The only circumstance in which I’ll ever turn my nose up at an indoor pool.

The Verdict: As a movie, Fright Night 2 is… okay. It has some great visuals, an entertaining take on the Peter Vincent character—it seems I will never get tired of watching cynical ghost hunters get their comeuppance—and a lift-the-curse plot I shouldn’t complain about, even though I’d like to,  because I loved the Dark Shadows revival.   The charm of bringing a Dandridge to Dracula’s home notwithstanding, New Blood is strictly for completists.

My viewing did suggest that, for me at least, Jerry Dandridge and Fright Night have become iconic. Just as I’ll happily watch a movie with Count Dracula as a woman/a CEO/a 1970s Chelsea nightclub dweller/George Hamilton, I’ll enjoy any variation on the Fright Night story.

Might go well with: Goulash. You know, the Hungarian dish. No, I’m not going to let it go.

 

Next time: I review a book it took me months to get through. Weird fiction ahoy!

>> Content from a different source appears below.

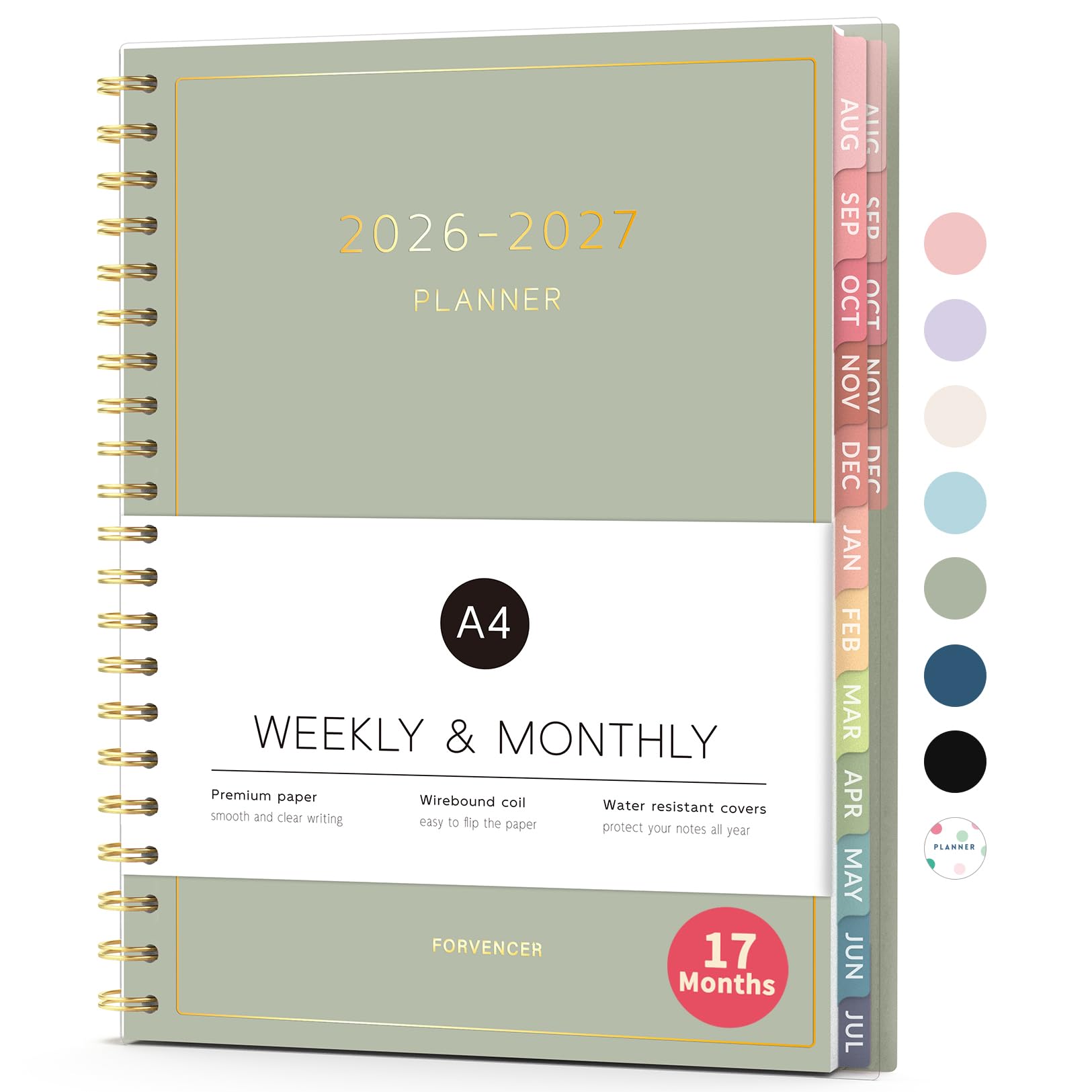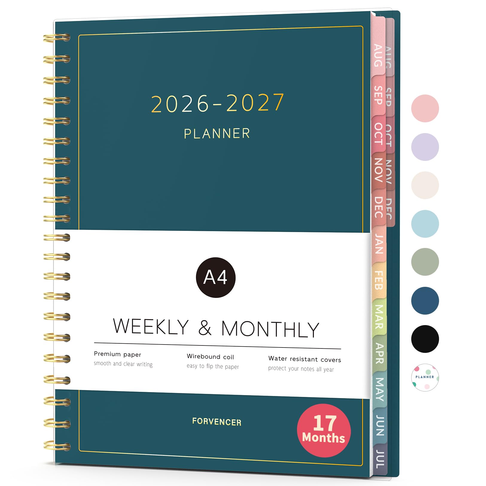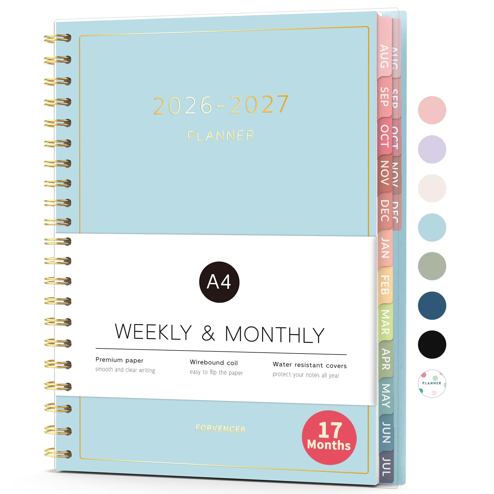 Aug 2026 - Dec 2027 Planner, Forvencer 17 Month Academic Planner 2026-2027, 8.5" x 11", Calendar Planner Weekly and Monthly, Daily Agenda, School Supplies for Student Teacher, A4, Polka Dot Style

Finally! Friday: Night of the Demon/Curse of the Demon (1957)

Why Finally? I’ve known for a while that Dana Andrews, an excellent actor who played the guy standing next to Vincent Price hero in the classic noir Laura, starred in an adaptation of M.R. James’s story “Casting the Runes.” While it isn’t my favorite James story , it’s pretty close.

Curse of the Demon and Night of the Demon, which I believe are the UK and US versions respectively, are available on one DVD.

The Premise (original story): When Mr. Dunning gives Mr. Karswell’s alchemy book a bad review, he has no idea the author already tried out all the spells; he soon finds himself under a death curse. Dunning must join forces with the bereaved brother of a previous scathing reviewer, Harrington, in order to return Karswell’s all-too-practical magic to sender.

The Premise (movie version): American John Holden (Andrews in an updated version of the Dunning role) arrives at a convention in time to learn of the death of Harrington, who played a part in bringing down sorcerer Karswell’s notorious cult. When he crosses paths with Karswell and begins to feel strangely hunted, Holden teams up with Harrington’s niece to defeat this oddly jolly evil wizard who lives with his mother.

Also, if anybody saw Laura and wanted a shower scene, this movie has you covered.

What kind of convention is this, anyway?

Night/Curse of the Demon was directed by master of film mood Jacques Tourneur, and it shows in the spooky landscapes and shadows that seem alive as Karswell’s curse draws closer to fruition. The real treat, as far as I’m concerned, is the character of Karswell: he lurks on the fringes of the James story, but here he’s front and center, with a tantalizing library and an engaging habit of doing magic shows for the children of the village while in clown makeup, all while plotting your death.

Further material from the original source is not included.